Первое, что ему бросилось в глаза, когда он вошел, это злобное лицо бродяги, яростно мерившего шагами комнату. Бассо сидел на кончике дивана, опустив голову на руки.
Джеймс же стоял, прислонившись к стене, скрестив на груди руки, и со странной улыбкой в упор смотрел на Мегрэ.
— Простите, что заставил вас ждать. Я…
— Все в порядке! — сказал Джеймс. — Ваше отсутствие было ни к чему.
Увидев изумление Мегрэ, он взволнованно улыбнулся.
— Виктор Гайяр не получит своих тридцати тысяч франков ни если будет говорить, ни если будет молчать. Я убил Ульриха. — Комиссар открыл дверь, окликнул проходящего инспектора:
— Заприте его где-нибудь ненадолго.
Он показал на бродягу, который успел еще бросить Мегрэ:
— Не забудьте, что это я вас привел к Ульриху! Если бы не я… А это вполне стоит…
Старание во что бы то ни стало заработать на трагедии казалось теперь уже не столько гнусным, сколько жалким.
— Пять тысяч… — крикнул он с лестницы.
В камере остались только трое.
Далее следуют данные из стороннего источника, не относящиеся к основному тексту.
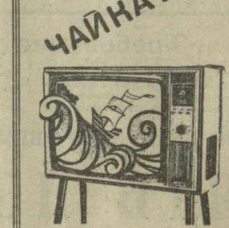
Многообразный и всегда неповторимый мир искусства открывает перед зрителем занавес эмблемой «Чайка». Многообразный и всегда неповторимый мир позаний принесет в каждый дом телевизор «Чайка». Цена — 380 руб. Центральная коммерческая организация «Радио-техника».

«Клуб кинопутешествий». 18.45 — «Готовимся к VI Спартакаде народов СССР». 19.10 — На страже законности (повторно). 19.25 — Цветное телевидение Грузии. «Музыкальная программа». 20.05 — Польский телевизионный многосерийный художественный фильм «Ставка больше, чем жизнь» (18-я серия, на грузинском языке). 21.05 — «Моабе» — информационная программа. 21.25 — Цветное телевидение Грузии. «Поет вокально-инструментальный ансамбль «Цицината»». 21.50 — Киноцерк. 22.00 — Из Москвы. «Время» — информационная программа. 22.30 — «Танцует Вера Цигладзе». По второй программе. 18.05 — Для детей. Веселая кинопрограмма. 19.05 — Концерт. 19.45 — Художественный фильм. 21.15 — Цветное телевидение Грузии. «Старая городская поэзия» (повторно).

Бассо был больше всех подавлен. Он долго не мог решиться, потом поднялся и подошел к Мегрэ.
— Клянусь вам, комиссар, что я хотел дать тридцать тысяч. Что для меня эта сумма? Джеймс не согласился.
Мегрэ озадаченно, со все большей симпатией смотрел то на одного, то на другого.
— Вы знали об этом, Бассо?
— Давно, — тихо проговорил он. Джеймс уточнил:
— Это он давал мне деньги, которые вытягивали из меня оба проходимца. Я все ему рассказал.
— Глупость какая! — не мог успокоиться Бассо. — Достаточно было тридцати тысяч, чтобы…
— Нет же! Вовсе нет! — вздохнул Джеймс. — Ты не можешь понять. Комиссар тоже не поймет.
Он осмотрелся вокруг, как бы ища чего-то.
— Ни у кого нет сигареты?
Бассо протянул ему портсигар.
— Перно кончилось, разумеется! Ну ничего… Придется начинать привыкать. Впрочем, все могло быть гораздо проще.
Он стал шевелить губами, как пьяница, которого мучает жажда выпить.
— В общем-то рассказывать мне особенно нечего. Я был женат. Ничем не примечательная монотонная супружеская жизнь. Заурядное существование. Встретил Мадо. И тут я, как идиот, решил, что пришло настоящее… Литература все… Жизнь за один поцелуй… Пусть короткая жизнь, но счастливая… Долой банальность…
Флегматичный тон придавал сказанному что-то нечеловеческое, клоунское.
— В определенном возрасте это на всех находит. Мальчишество! Тайные свидания! Птифуры и портвейн! Такие вещи дорого стоят. А зарабатывал я тысячу франков в месяц. Вот и вся история — глупо до слез. Я не мог говорить с Мадо о деньгах! Не мог сказать ей, что мне нечем платить за холостяцкую квартиру в Пасси. Муж ее совершенно случайно натолкнул меня на Ульриха.
— Вы много позанимали у него денег?
— Семи тысяч не наберется. Но когда зарабатывают тысячу франков в месяц — это много. Однажды вечером, когда жена была у сестры, Ульрих явился ко мне и стал угрожать, что расскажет все моим хозяевам и посадит меня, если я не уплачу хотя бы процентов. Представляете себе катастрофу? Директор и жена, узнающие все одновременно!
Голос его по-прежнему звучал спокойно и иронично.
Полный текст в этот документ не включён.